Felix Klein, Erlanger Programm (1872)

This chapter formalizes the Erlangen insight for systems architecture: a property is real if and only if it survives all admissible transformations, and everything else is a coordinate artifact. The central definition is A7 (Group Action and Invariant), which makes precise the notions of transformation regime, orbit, and invariant function. The chapter develops the connection between declared transformation groups and the equivalence classes they induce, providing the foundation on which the subsequent definitions of isomorphism (A8), adjunction (A9), and witnessed sameness (A10) will build. The historical and philosophical motivation for this formalization -- including the role of the Erlangen Programme in unifying nineteenth-century geometry -- is developed in Vol I, Chapter 4 (Empire of Strings); the formal treatment here is self-contained.

The Representation Problem

Representation is arbitrary; identity is not. Two systems can encode the same fact in formats that look nothing alike—JSON versus XML, camelCase versus snake_case, ISO dates versus Unix timestamps—and yet mean the same thing. The question is what "same" means, and how you would know.
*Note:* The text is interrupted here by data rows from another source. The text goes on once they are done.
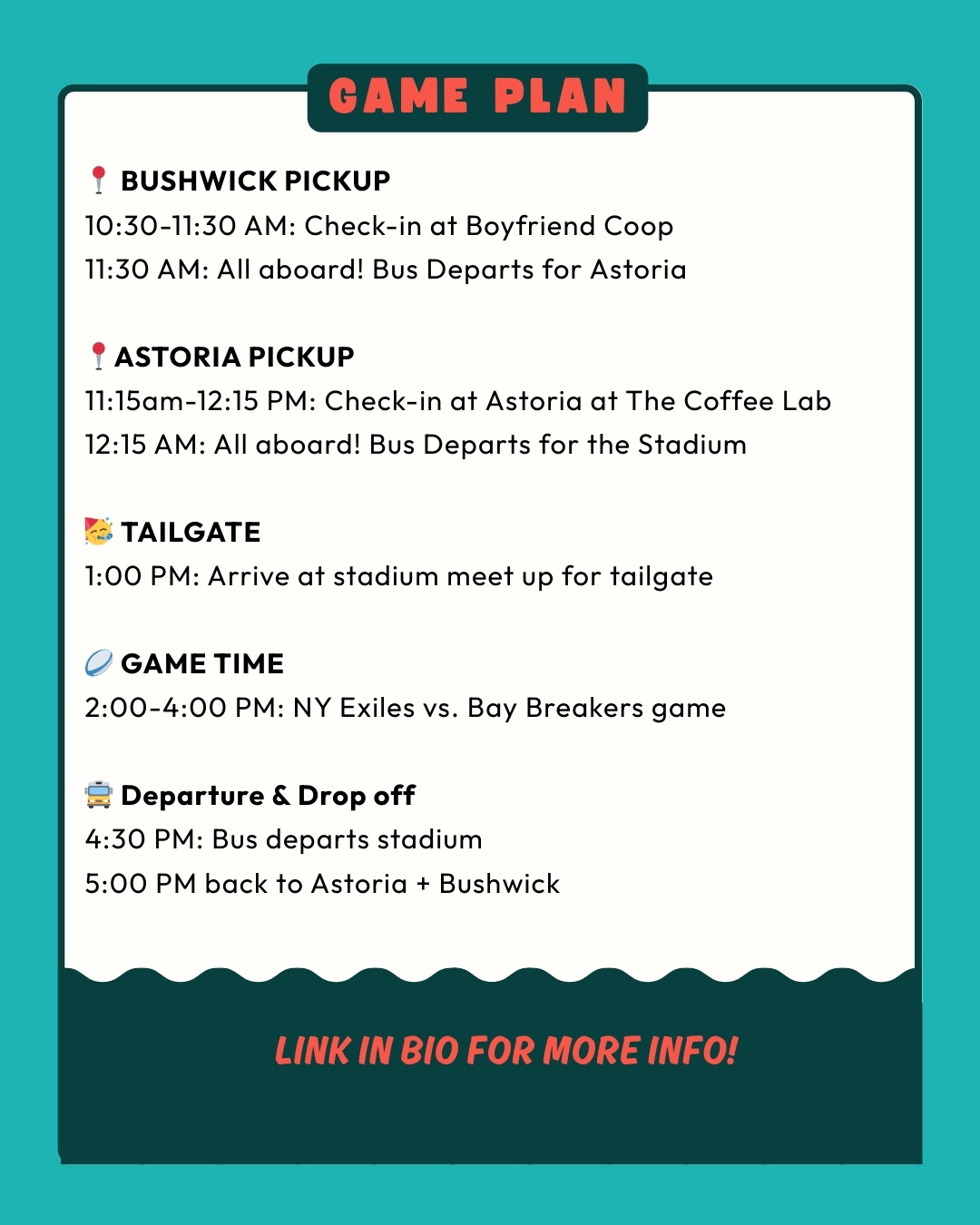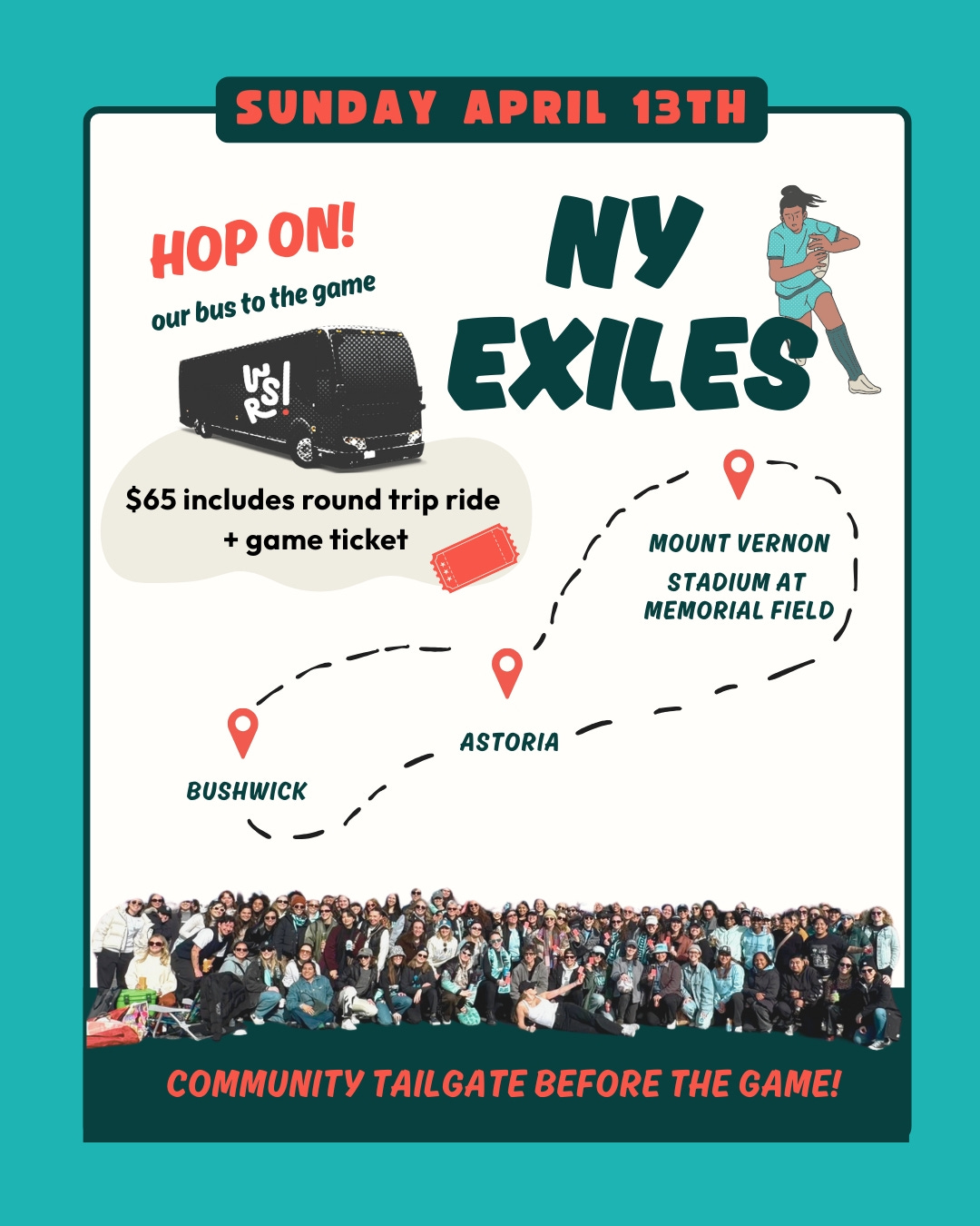 Quick note to say if you want to join us for our round trip bus + tailgate + game ticket to the NY Exiles this Sunday April 13th grab your tickets now! Sales will end at noon on Friday and we’ve got 10 spots left.
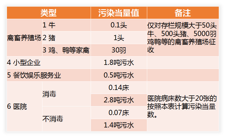 (本表僅適用于計(jì)算無(wú)法進(jìn)行實(shí)際檢測(cè)或者物料衡算的禽畜養(yǎng)殖業(yè)、小型企業(yè)和第三產(chǎn)業(yè)等小型排污者的水污染當(dāng)量數(shù))
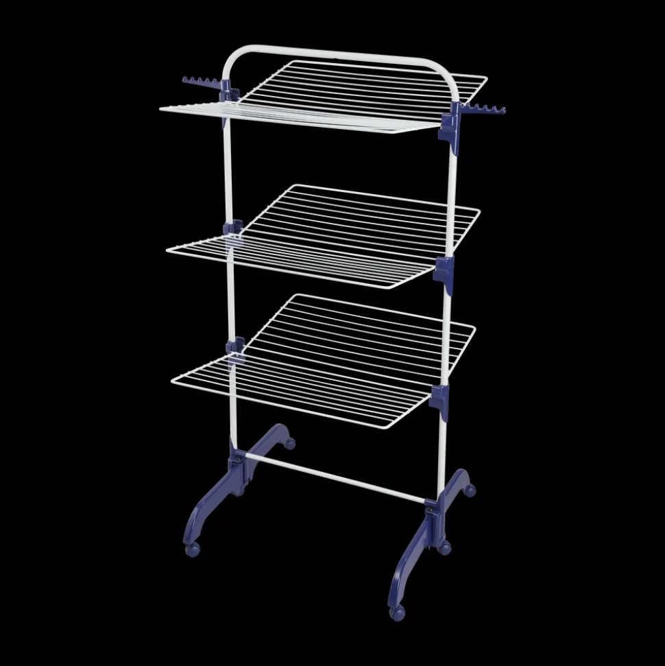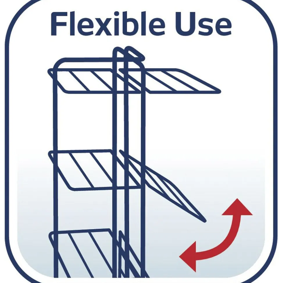 Comfort Tower 420 er et pladsbesparende tørrestativ, der udnytter højden og gør det nemt at tørre meget tøj på minimal gulvplads. Tørrestativet har tre fleksible tørreniveauer og i alt 42 meters tørreplads, og hver sektion kan klappes ned individuelt, så stativet også kan bruges op ad en væg eller radiator. Stativet er udstyret med to sidekroge, så du får ekstra ophæng til bluser og skjorter på bøjler. De seks 360° drejbare hjul gør det let at flytte stativet – selv når det er fuldt læsset – og når det ikke er i brug, kan det foldes fladt sammen og gemmes væk. 5 års garanti.
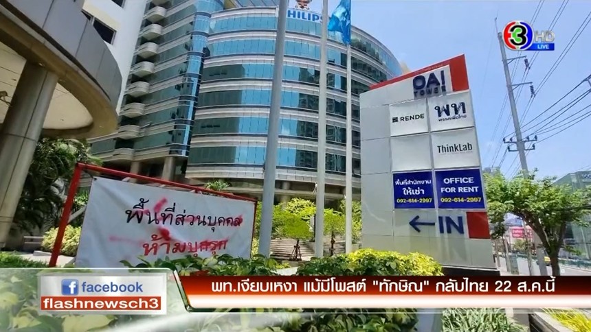 บรรยากาศที่พรรคเพื่อไทย ยังเงียบเหงา แม้นางสาวแพทองธาร ชินวัตร หัวหน้าครอบครัวเพื่อไทย โพสต์อินสตราแกรมว่าจะไปรับ นายทักษิณ ชินวัตร ในวันที่ 22 สิงหาคม ที่ท่าอากาศยานดอนเมือง ขณะที่สื่อมวลชน ยังติดตามความเคลื่อนไหว และต่างจับตาว่า การกลับมาของอดีตนายกรัฐมนตรี จะมีนัยยะทางการเมืองหรือไม่ เนื่องจากตรงกับวันโหวตเลือกนายกรัฐมนตรี
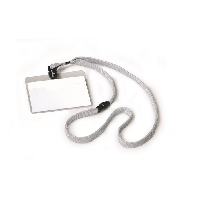 Visačka na krk s farebným bezpečnostným remienkom dĺžky 44 cm. Poistka na remienku sa uvoľní pri zachytení remienka alebo silnom potiahnutí. Materiál pevné priehľadné PVC, závesný remienok šírky 10 mm. Balenie 10 ks. Náhradné papieriky DU145602. Rozmery visačky: 90×60 mm Farba remienka: sivá
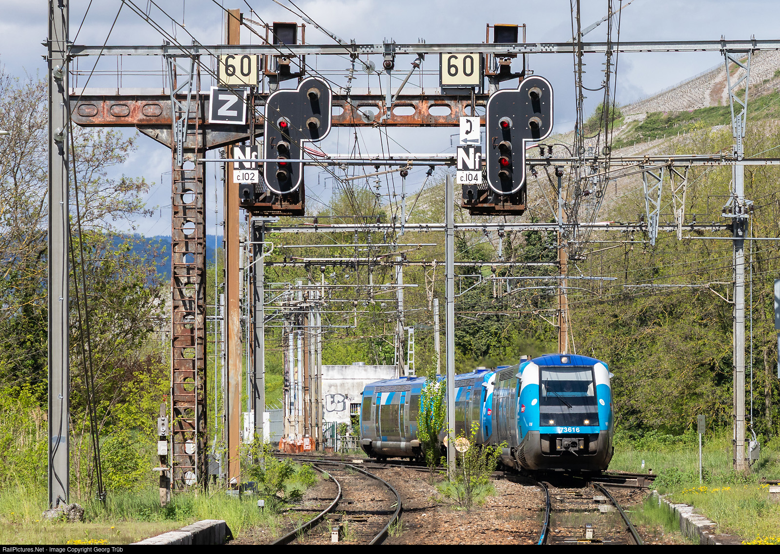 | Three coupled "Alstom Coradia A TER" of the X 73500 series of the SNCF, with X # 73616 in front, are entering Montmélian station, running as TER 883713 from Chambéry-Challes-les-Eaux to Grenoble. The X 73500 "Baleine bleue" series was built from 1999 to 2004 in a series of 312 by Alstom LHB. |
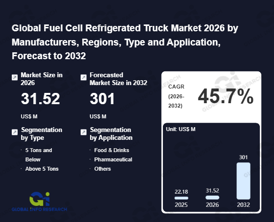 Global Info Research has recently published "Global Fuel Cell Refrigerated Truck Market 2026 by Manufacturers, Regions, Type and Application, Forecast to 2032". This report systematically analyzes the current status, future trends (2021-2032), and competitive landscape of the global Fuel Cell Refrigerated Truck market. It provides a quantitative analysis from the perspectives of type (5 Tons and Below、 Above 5 Tons), application (Food & Drinks、 Pharmaceutical、 Others), regional markets, and major manufacturers (Toyota、 Hyundai、 Bosch、 Feichi Technology、 Foton、 DongFeng、 Yutong、 CIMC), comprehensively assessing market opportunities and competitive dynamics.
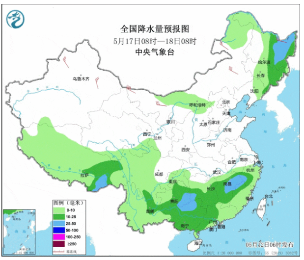 5月17日至18日(周末)多云间阴天,有雷阵雨、局部大雨。

Team A sends data as JSON with camelCase keys:

{ "userId": 42, "createdAt": "2024-01-15" }

Team B sends data as XML with snake_case tags:

<user_id>42</user_id>
<created_at>2024-01-15</created_at>

The payloads carry identical information. A diff tool reports them as completely different.

Which tool is right? The answer depends on what you're measuring. If you're comparing byte sequences, they differ. If you're comparing information content, they match. The question is not "are they equal?" The question is "equal under what operations?"

Suppose both teams agree on a round-trip specification: any JSON payload can be converted to XML and back, losslessly, using a defined mapping. Under that agreement, the two representations become equivalent for that purpose, because any operation that treats them differently is violating the contract. The diff tool, measuring bytes, is using a stricter standard than the contract requires.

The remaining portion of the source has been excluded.